*WORK ITEM*. Copy out the data below from the line containing "5月的一天晚上,都安的藍先生" to the line containing "后区号码分析:在第143期历史同期开奖中奖,奖号06出现6次,奖号07 10出现4次,奖号01 02", both lines included, with all images left out.

*LISTED ENTRIES*.
◆ ◆ ◆
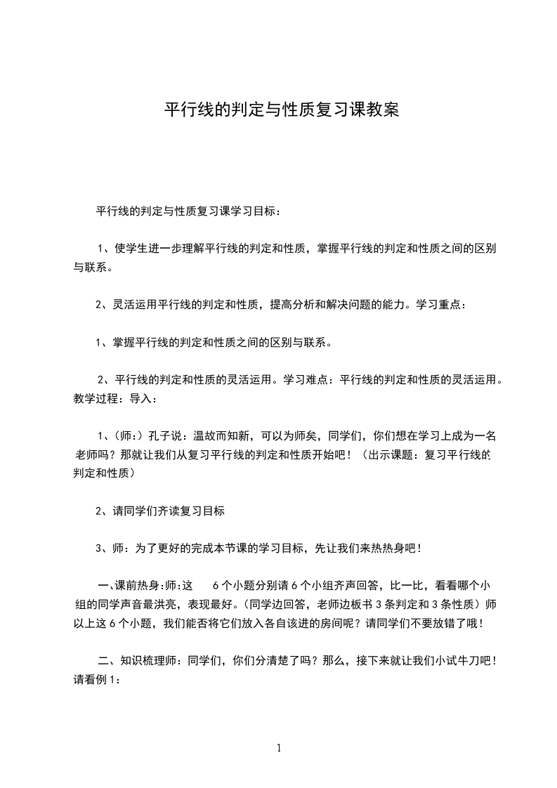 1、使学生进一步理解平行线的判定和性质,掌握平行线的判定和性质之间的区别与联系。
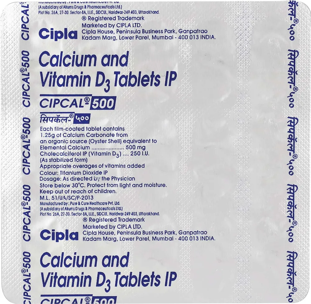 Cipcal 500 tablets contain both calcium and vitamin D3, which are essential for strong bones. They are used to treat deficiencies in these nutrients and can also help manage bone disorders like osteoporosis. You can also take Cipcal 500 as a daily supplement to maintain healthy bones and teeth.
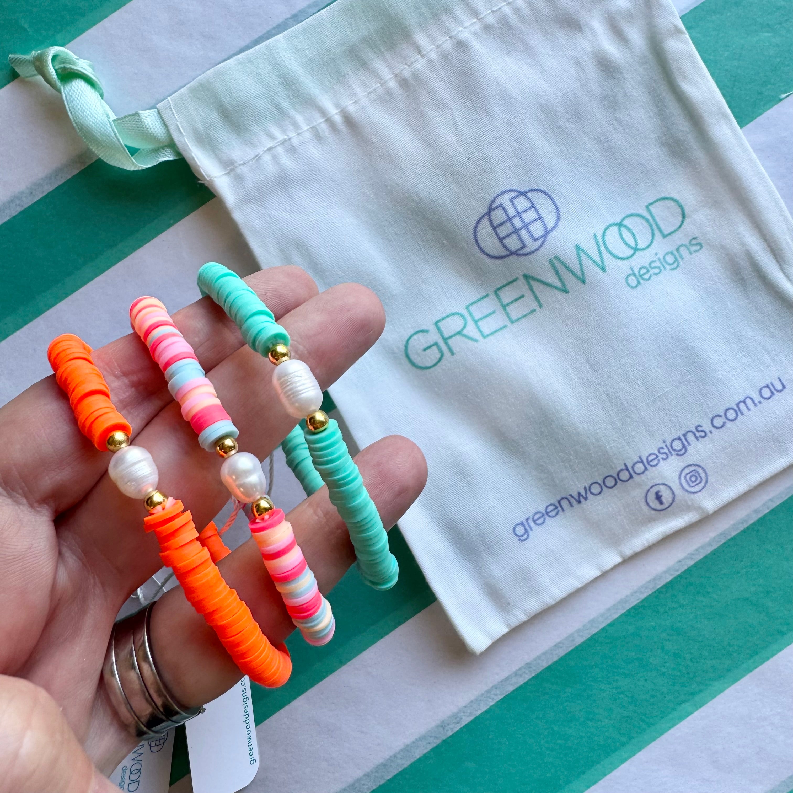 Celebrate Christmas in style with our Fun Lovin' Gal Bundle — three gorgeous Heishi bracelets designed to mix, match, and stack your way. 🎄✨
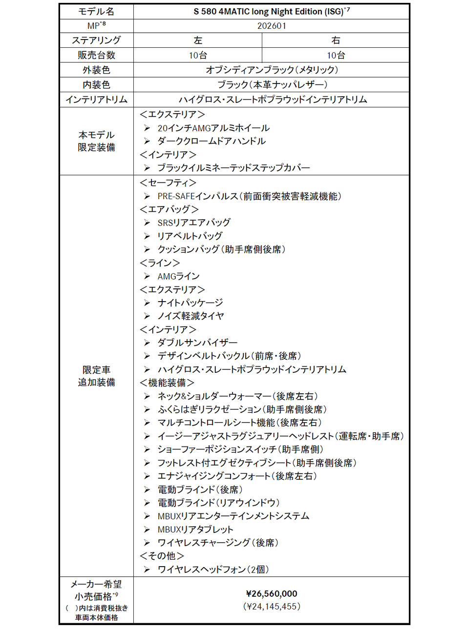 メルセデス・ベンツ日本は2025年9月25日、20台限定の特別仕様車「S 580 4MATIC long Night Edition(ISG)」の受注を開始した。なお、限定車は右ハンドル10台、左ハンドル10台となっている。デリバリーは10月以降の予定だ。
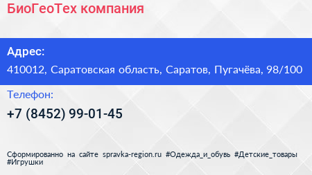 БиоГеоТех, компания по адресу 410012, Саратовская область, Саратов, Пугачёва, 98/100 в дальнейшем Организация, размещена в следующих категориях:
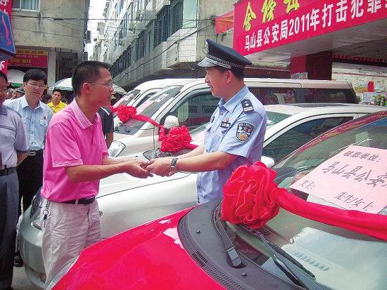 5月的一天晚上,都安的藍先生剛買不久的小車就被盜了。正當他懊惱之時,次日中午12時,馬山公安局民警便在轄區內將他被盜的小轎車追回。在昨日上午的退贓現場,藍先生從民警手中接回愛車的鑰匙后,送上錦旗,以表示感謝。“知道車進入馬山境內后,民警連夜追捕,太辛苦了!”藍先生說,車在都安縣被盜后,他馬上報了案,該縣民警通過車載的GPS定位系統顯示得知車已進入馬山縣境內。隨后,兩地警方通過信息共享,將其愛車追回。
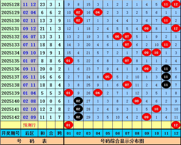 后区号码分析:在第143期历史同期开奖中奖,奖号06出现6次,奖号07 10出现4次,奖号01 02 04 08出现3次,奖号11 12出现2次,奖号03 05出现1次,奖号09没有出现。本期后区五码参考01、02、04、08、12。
◆ ◆ ◆
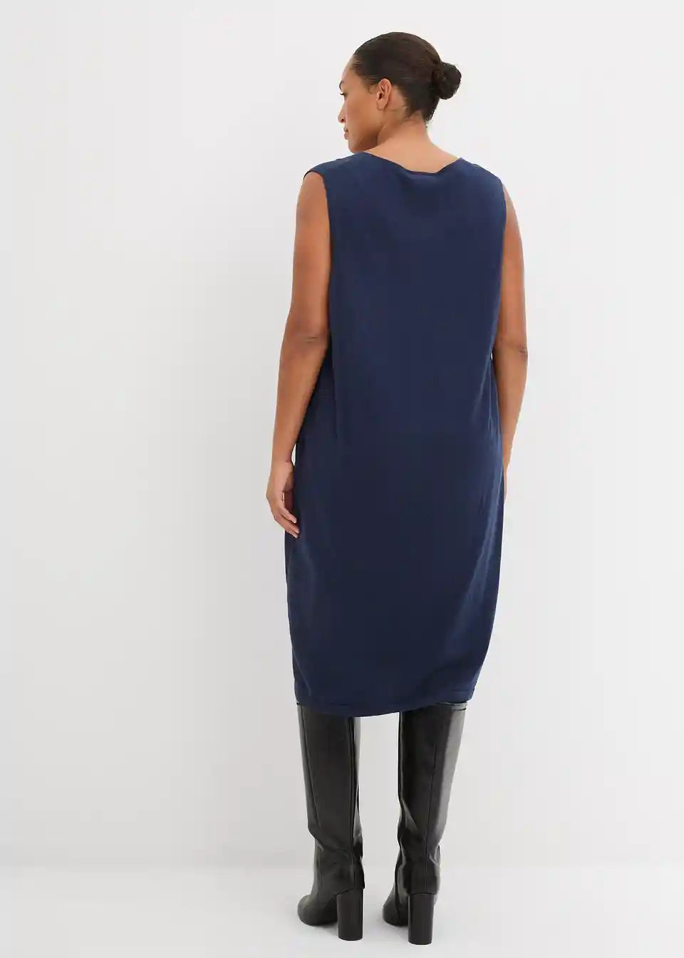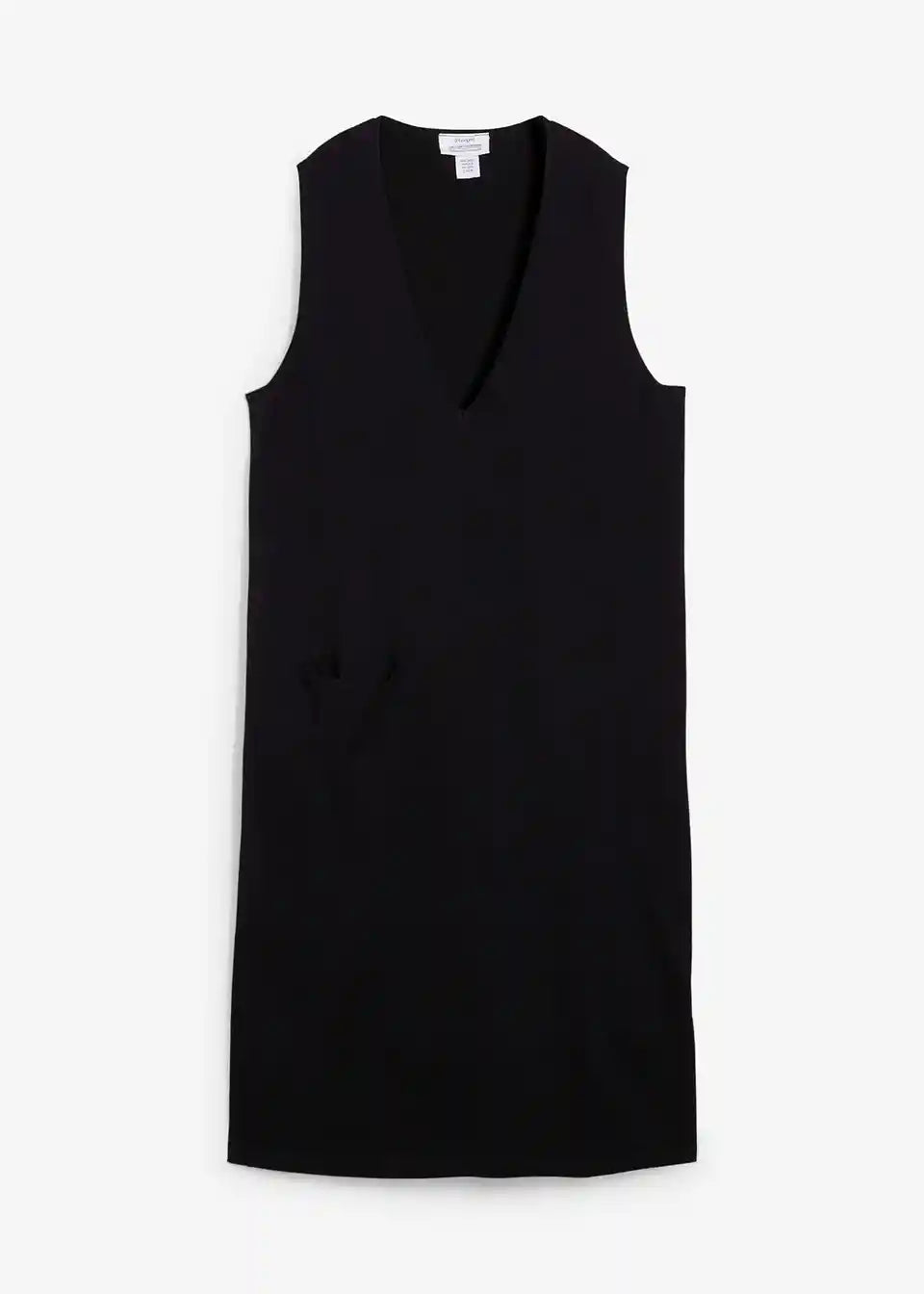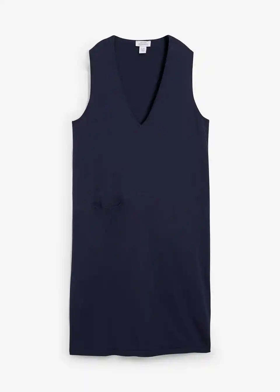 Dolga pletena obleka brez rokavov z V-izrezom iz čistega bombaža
◆ ◆ ◆
*TASK SOLUTION*.
 5月的一天晚上,都安的藍先生剛買不久的小車就被盜了。正當他懊惱之時,次日中午12時,馬山公安局民警便在轄區內將他被盜的小轎車追回。在昨日上午的退贓現場,藍先生從民警手中接回愛車的鑰匙后,送上錦旗,以表示感謝。“知道車進入馬山境內后,民警連夜追捕,太辛苦了!”藍先生說,車在都安縣被盜后,他馬上報了案,該縣民警通過車載的GPS定位系統顯示得知車已進入馬山縣境內。隨后,兩地警方通過信息共享,將其愛車追回。
 后区号码分析:在第143期历史同期开奖中奖,奖号06出现6次,奖号07 10出现4次,奖号01 02 04 08出现3次,奖号11 12出现2次,奖号03 05出现1次,奖号09没有出现。本期后区五码参考01、02、04、08、12。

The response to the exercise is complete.